This leads into part b - God's kingdom is achieved by obedience to the commandments, exemplified by Micah 6:8 (the haftarah from the week that Rabbi Dreyfus died, and the distillation of the 613 commandments into three according to Makkot 24a). Let no one (especially Reform Jews) make the claim that Reform Judaism is a non-halakhic movement, or doesn't believe in obligation: here we have a luminary of the Reform movement (and very much of the old guard) identifying obedience to the commandments as the essence of Judaism. Yes, the definition of which commandments are significant may differ from other Jewish movements, but that's just quibbling over the details. Doing justly and loving mercy are halakhah (not merely aggadah) and are obligations (not merely choices).

Part c: I don't think "advanced" is used here as an adjective (as in what comes after "intermediate") but as a verb -- i.e. "this is advanced by...". (What is advanced by the Jewish lifestyle, etc.? The kingdom of God on earth? Perhaps.) "Sancta" sounds Kaplanian, but I don't think that's entirely what he's going for - I think he's talking about "such ceremonies as elevate and sanctify our lives". This is where the role of ritual comes in: it is the "poetry of life" and the "sign posts", and not classified with the "commandments", which are ethical.

Not as ends in themselves
Must be rationally acceptable

I.e. rituals should not be ends in themselves, but are a means towards living an ethical life and making vivid the kingdom of God on earth.

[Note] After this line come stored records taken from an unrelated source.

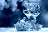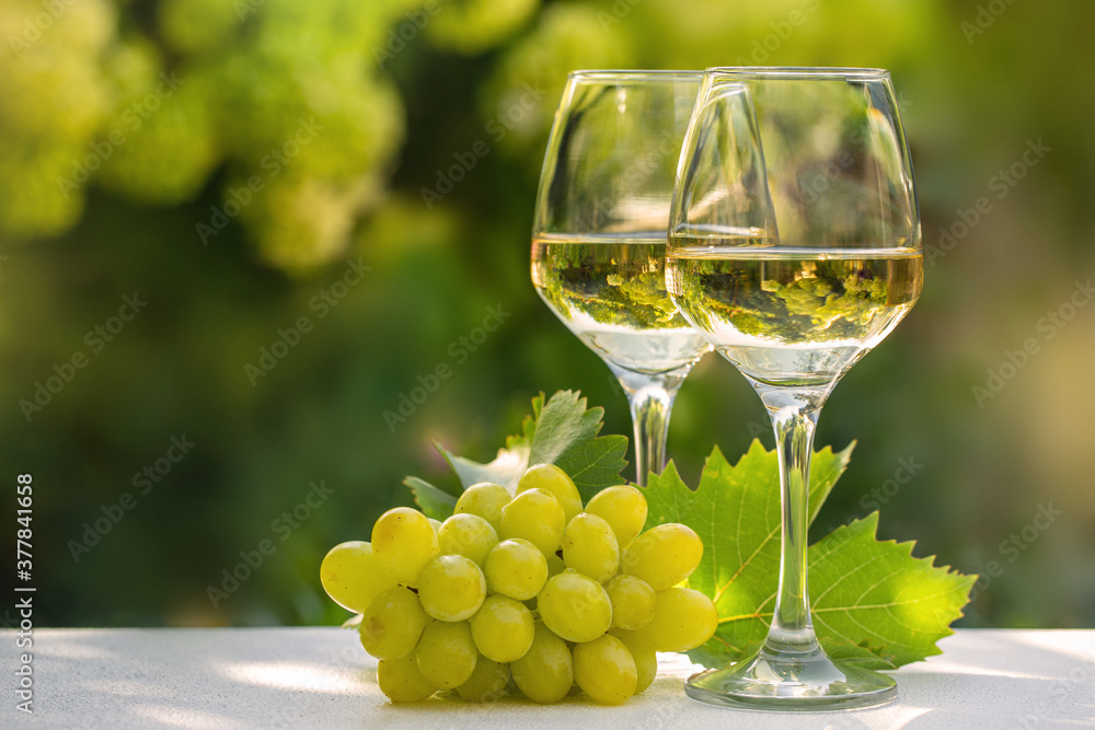 Two white wine glasses with grape and grape leafs. Garden in background. Copy space.
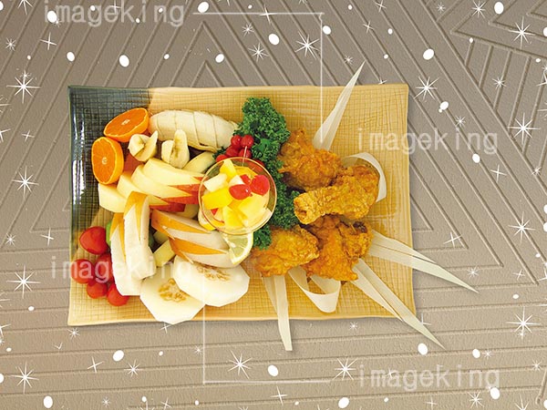 炸鸡和水果小吃
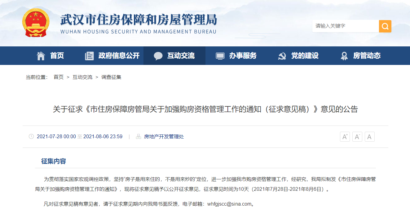 28日,武漢市住房保障和房屋管理局發(fā)布《武漢市住房保障房管局關(guān)于加強購房資格管理工作的通知(征求意見稿)》(以下簡稱“意見稿”),征求意見時間為10天(2021年7月28日-2021年8月6日)。
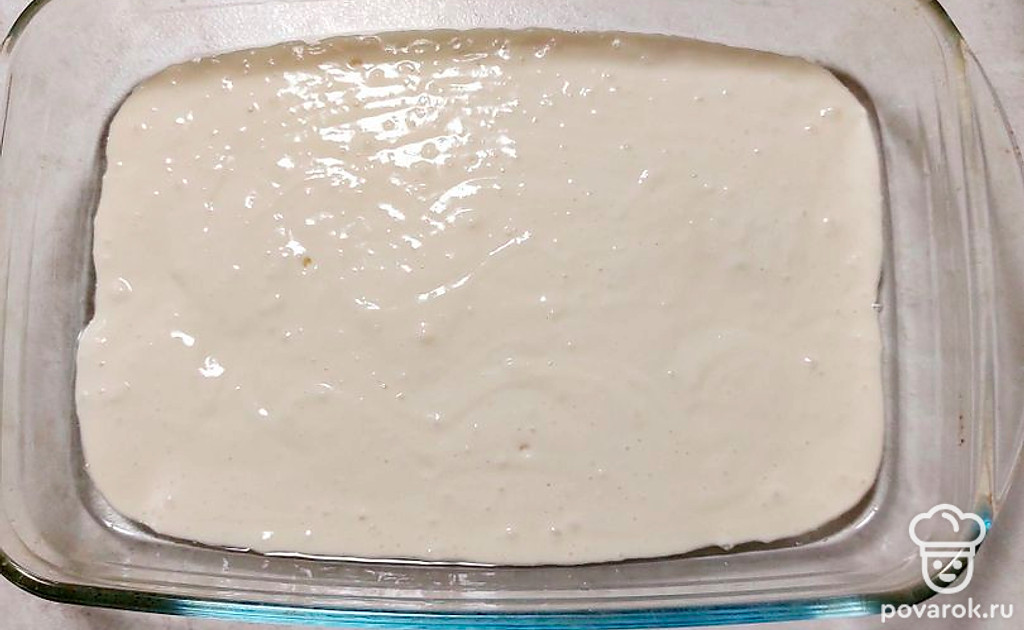 Форму для запекания смажем растительным маслом. Выложим половину теста на дно.

But I have to say that this "rationally acceptable" standard leaves lots of open questions. It seems that there is plenty of room for cultural relativism here. Who is to say that wearing a three-piece suit and tie is rational, and wearing tzitzit (see below) isn't? Cultural norms may be different in different cultures, but one isn't more or less rational than another. Particularly if we're talking about the "poetry of life", poetry isn't always rational.

Tallit knots
7 windings
8 "
15 = יה
וה = 11
אחד = 13

600 = ציצית
8 threads
5 knots
613

p. 53
These numbers indeed appear on p.53, and it looks like Rabbi Dreyfus was doublechecking the arithmetic. He appears to be presenting this as a counterexample to "must be rationally acceptable". I would respond by saying that, rational or not, tzitzit knots aren't hurting anyone. But this is listed as an error in balance/proportion. And it's true that the Catalog focuses much more on ritual than on doing justice. Perhaps the explanation is that there was less need for a gujde to doing justice than a guide to tying tzitzit knots, because the former can be obtained from sources that aren't specifically Jewish. But there are specifically Jewish perspectives on justice that, as Rabbi Dreyfus points out, don't get much attention in the Catalog. (It's the same problem as A Guide to Jewish Religious Practice, which should be called A Guide to Jewish Religious Practice, Volume I: Bein Adam Lamakom.) This was remedied in the sequels, particularly The Third Jewish Catalog.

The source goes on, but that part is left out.